No early bleeding complications were seen, but late bleeding occurred in 4 patients. Minor cerebral thromboembolic events with transient neurologic symptoms occurred in 3 patients; severe stroke had to be treated in 1 patient. Systemic emboli were seen in 2 patients. Thrombus-related pump dysfunction was suspected in 3 patients, and managed by intensifying anti-coagulation. Five patients were successfully transplanted after a support interval of 90 to 156 days; 1 patient could be weaned from the system after 171 days. Six patients died during support, 9 to 63 days after device implantation. The remaining 3 patients are still under support, with excellent quality of life.

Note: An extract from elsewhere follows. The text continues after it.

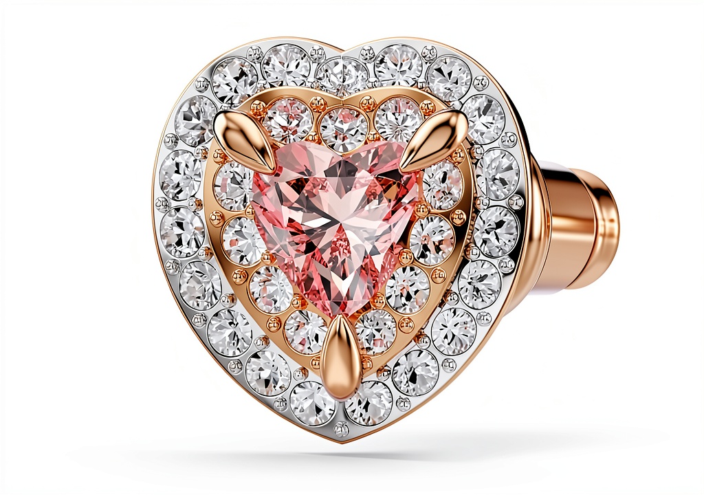 - Design a cuore con zirconia rosa per un look romantico e raffinato
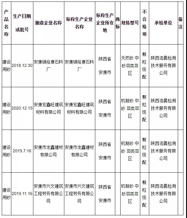 2022年2月10日,陜西省市場監督管理局網站通告2021年建設用砂產品質量監督抽查結果,在生產領域抽查了西安、渭南、漢中、安康等地區14家企業生產的15批次產品,發現不合格產品4批次。重點對顆粒級配、含泥量/石粉含量、泥塊含量、表觀密度、松散堆積密度與孔隙率等5個項目進行了檢驗。不合格項目涉及顆粒級配。

The Incor is a left ventricular assist device (LVAD) with transplant and adverse event rates comparable to those of other modern ventricular support devices. Its advantages include the small pump chamber, the virtual absence of device-related infections, and the extraordinary convenience during implantation and explantation.
Incor(德国柏林心脏公司)是一款小型(200克)、可植入的、磁增强轴流泵(非搏动性血流),设计用于长时间支持左心室。我们报告了使用该设备的首例单中心临床经验。
对15例连续患者(10例男性,5例女性)进行了Incor研究,年龄在24至59岁之间。基础心脏病为终末期缺血性心脏病(n = 5)、急性心肌梗死(n = 4)、扩张型心肌病(n = 3)、急性心肌炎(n = 2)和恰加斯病(n = 1)。所有患者均为纽约心脏协会(NYHA)IV级心力衰竭。4例患者曾接受过心脏直视手术。6例患者通过左心室尖部和升主动脉插管进行选择性植入,9例为急诊植入。
未见早期出血并发症,但4例患者出现晚期出血。3例患者发生伴有短暂神经症状的轻微脑栓塞事件;1例患者不得不接受严重中风治疗。2例患者出现全身性栓塞。3例患者怀疑发生血栓相关的泵功能障碍,通过加强抗凝治疗。5例患者在90至156天的支持期后成功接受移植;1例患者在171天后脱离该系统。6例患者在支持期间死亡,在设备植入后9至63天。其余3例患者仍在接受支持,生活质量良好。
Incor是一种左心室辅助装置(LVAD),其移植率和不良事件发生率与其他现代心室支持装置相当。其优点包括泵腔小、几乎不存在与设备相关的感染,以及植入和取出过程非常方便。